First Republic Bankの決算発表はネガティブサプライズ

大規模な預金流出判明で株価暴落

 アメリカで中堅地銀First Republic Bankの決算発表があったが、預金残高の急減が判明し、市場心理を悪化させる結果となった。表のように、前四半期末比約720億ドルの減少となっているが、大手行からの支援預金を除くと実質的には1000億ドル程度の減少だったと見られる。結果的には預金残高化1,044憶ドルとなり、1000億ドルの大台は維持できたものの、先行き不安を生じさせることとなった。
 実際、元々の資産規模からすれば、正に急減と言って良い水準の預金減であり、同行に対する預金者の不安心理が反映された数値となっている。事前予想では、1350億ドル程度の残高を維持できるとの見方もあったため、市場の受け止め方は、深刻なものとなった。同行の株価は、50%近い下落となり、文字通り暴落している。
 預金急減に伴い、FRBなどからの借入金が急増している。短期借入金が803億ドル、長期借入金が263億ドルとなり、合計1,000億ドルを超える増加となった。一般預金者からの預金減とほぼ見合う金額となっている。預金減に伴う流動性補完と、利ザヤ確保のための低コスト資金を導入したためであろう。

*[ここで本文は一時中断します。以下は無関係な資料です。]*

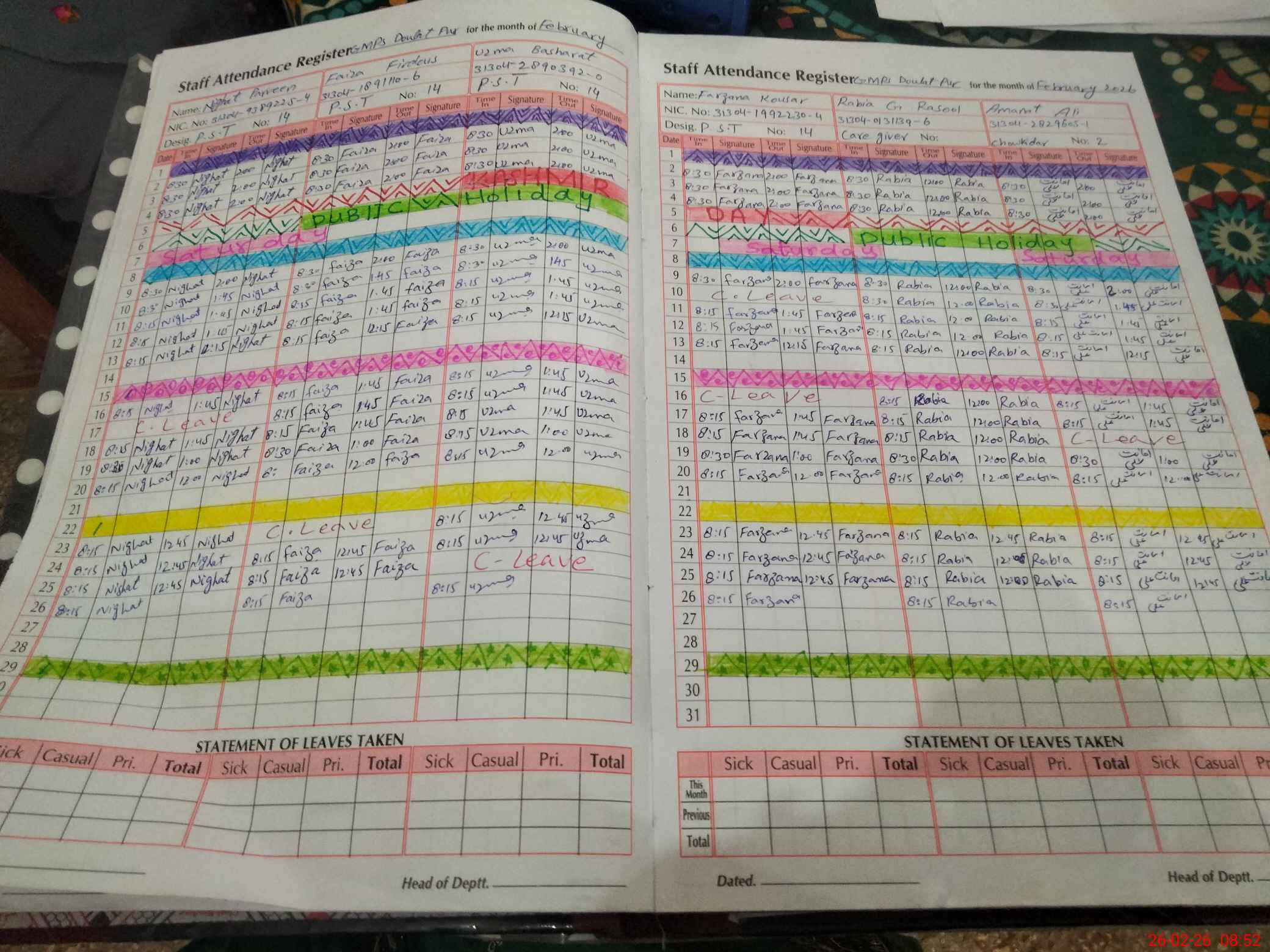 | Leave | Duty | Absent | Maternity | Medical | Ex- Pak |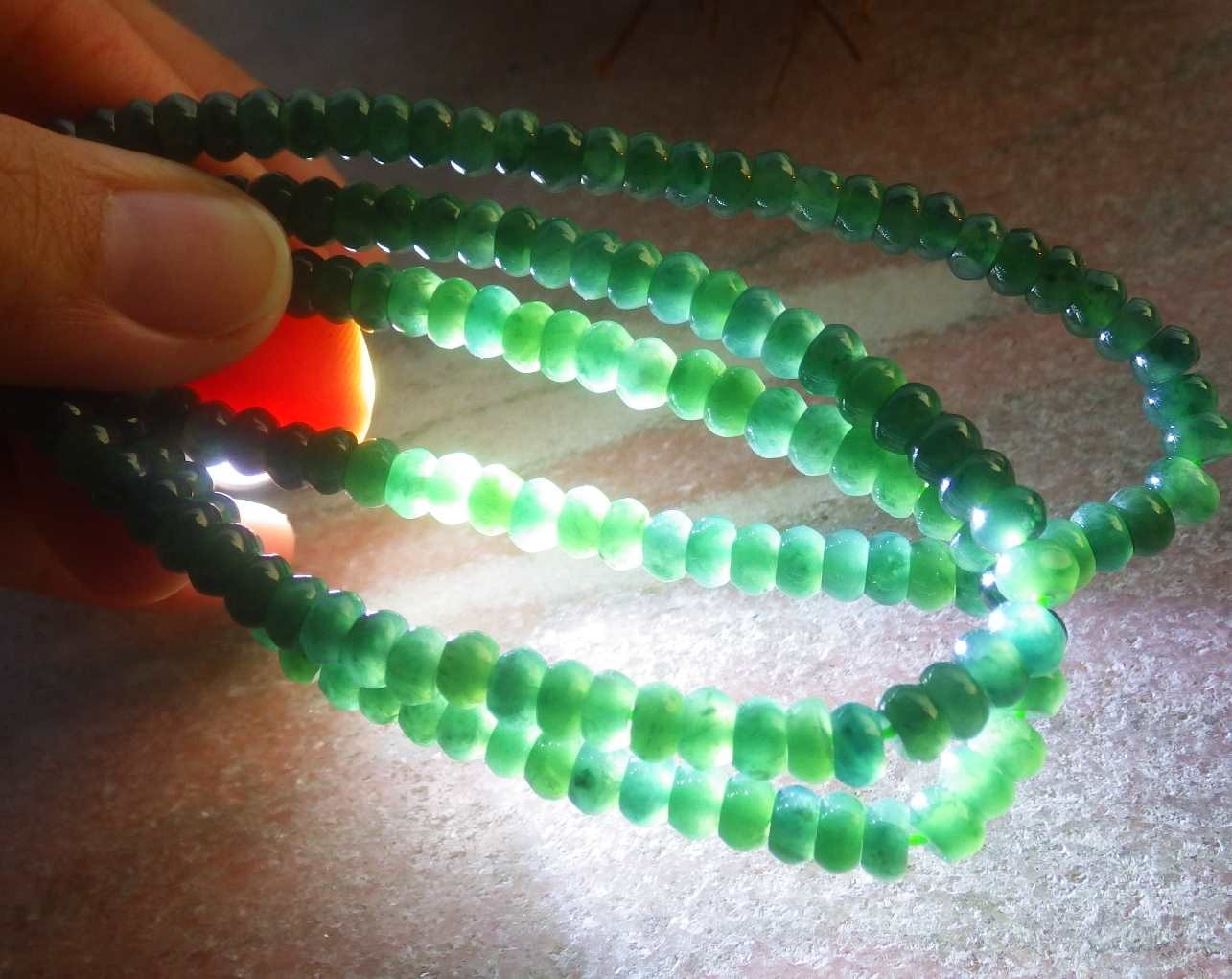 Certified Green 100 A JADE Jadeite Beads Circle Necklace 24 inches 719152 AS

 しかしながら、実際には、純金利マージンは、大幅に縮小している。前年同期には、2.68%を確保していたが、今回の決算では、1.77%まで縮小した。これは、本業における収益性に大きな影響をもたらすため、今後の利益についても、圧迫要因として意識されよう。やはり、低コストの預金が急減したことの影響は、損益面でも大きかった。
 なお、同行は、決算発表時に今後のリストラ見通しについても触れている。開示資料によれば、今四半期(4-6月期)中に、20%から30%の人員削減に踏み切る予定だとのことである。加えて、資本増強の必要性についてもコメントしている。それを受けて、大幅な希薄化を懸念する声が、市場では聞かれた模様である。

決算内容を受けた市場の反応

 First Republic Bankの決算内容が想定以上に悪化していたことを受けて、市場の反応は、厳しいものとなった。同行の株価は、ほぼ半値に近い水準まで急落した。しかも、その影響は同行のみならず、金融セクター全体に波及し、株価指数も押し下げている。
 First Republic Bankの問題は、同行だけの問題ではなく、金融システムに対する不安感を再び高めていると解釈される。同行が破綻処理を免れることができても、大規模なリストラの必要性はあると認識されている。その過程において、資本増強のための増資や、既存株主の利益を損なう形の減資の可能性も指摘されており、投資家の不安心理を高めている。

金融システム不安はしばらく続く

 First Republic Bankの決算を受けて、不安心理が市場で広がったのは、たまたまタイミングが悪かったという面もある。昨日発表されたカンファレンスボードの消費者信頼感指数は、事前予想を明確に下回り、ネガティブサプライズとなっていた。そのタイミングで、金融システムに不安感を募らせるような決算を発表することになったのが、やや不運であったとも言える。
 金融システム自体が大きく揺らぐような、金融危機に至る可能性は、依然として非常に限定的であり、全体としての状況に大きな変化はないと見られる。そうした意味では、昨日のアメリカ市場の反応は、やや過剰であったとも言えよう。
 しかしながら、次回のFOMCの結果が出る5月3日までは、不安定な相場環境が続くものと判断している。一つの経済指標や決算発表で、右往左往することになると懸念される。やはり、一旦広がった不安心理は、そう簡単に払拭されるものではない。
 ただ、株式投資家にとって、長期視点では、そういったショックが走った際の下落は、ある意味チャンスでもある。ハイテク中心に次の投資機会を狙っていくべきタイミングが近いとも考えられる。勝負は一回限りではなく、最低でも数回のチャンスを残すように、一回当たりの投資額を抑制することは、引き続き心がけたい。